* About this exercise
Images are not part of the copy; write out the rest of the data exactly as given.

* Recorded information
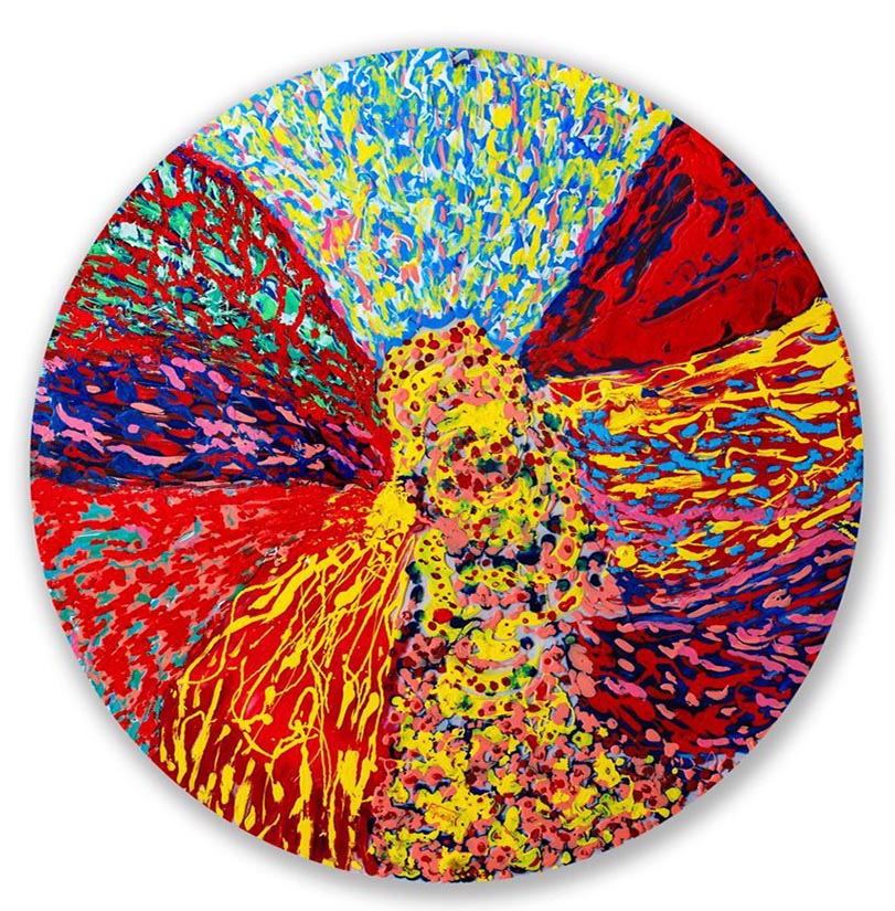 Fedora Spinelli Smalto su plexiglass diam. 85 Clown 2016 Autentica dell'artista su foto
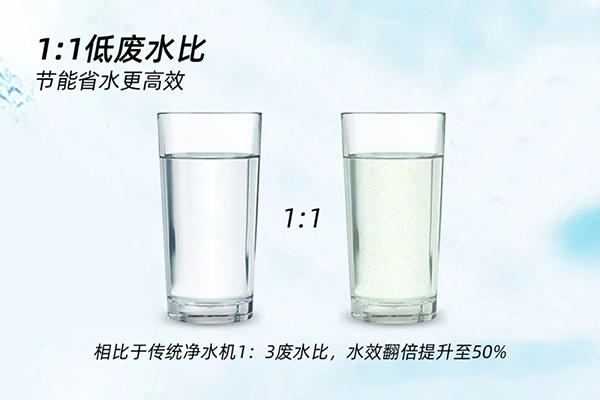在提升用戶體驗(yàn)的同時(shí),榮事不斷追求節(jié)水技術(shù)的升級,以創(chuàng)新科技實(shí)現(xiàn)1:1超低廢水比。400G智能反滲透凈水機(jī)相比于傳統(tǒng)凈水機(jī)的1:3廢水比,出水效率由25%翻倍提升至50%,大大減少廢水排放,不僅節(jié)能環(huán)保,而且也節(jié)省了每一個(gè)家庭的生活開支,備受消費(fèi)者喜愛。
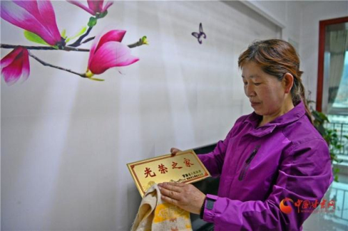 马月雄的家里干净整洁,她说:“小儿子在部队,这是前几天社区发的‘光荣牌'!”她一边擦拭一边思念着在西藏高原上站岗的儿子。
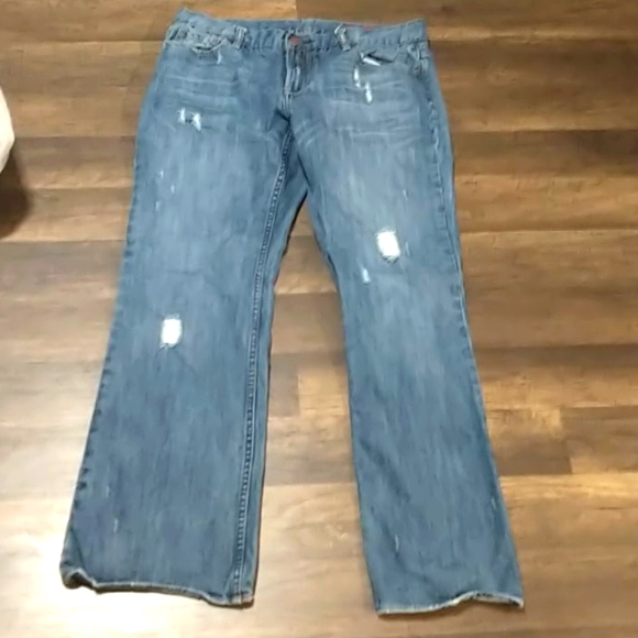 Express Jeans, distressed, flared leg, medium rise, great condition, never worn. Tag is ripped off but size 10.

* Answer to the exercise
 Fedora Spinelli Smalto su plexiglass diam. 85 Clown 2016 Autentica dell'artista su foto
在提升用戶體驗(yàn)的同時(shí),榮事不斷追求節(jié)水技術(shù)的升級,以創(chuàng)新科技實(shí)現(xiàn)1:1超低廢水比。400G智能反滲透凈水機(jī)相比于傳統(tǒng)凈水機(jī)的1:3廢水比,出水效率由25%翻倍提升至50%,大大減少廢水排放,不僅節(jié)能環(huán)保,而且也節(jié)省了每一個(gè)家庭的生活開支,備受消費(fèi)者喜愛。
 马月雄的家里干净整洁,她说:“小儿子在部队,这是前几天社区发的‘光荣牌'!”她一边擦拭一边思念着在西藏高原上站岗的儿子。
 Express Jeans, distressed, flared leg, medium rise, great condition, never worn. Tag is ripped off but size 10.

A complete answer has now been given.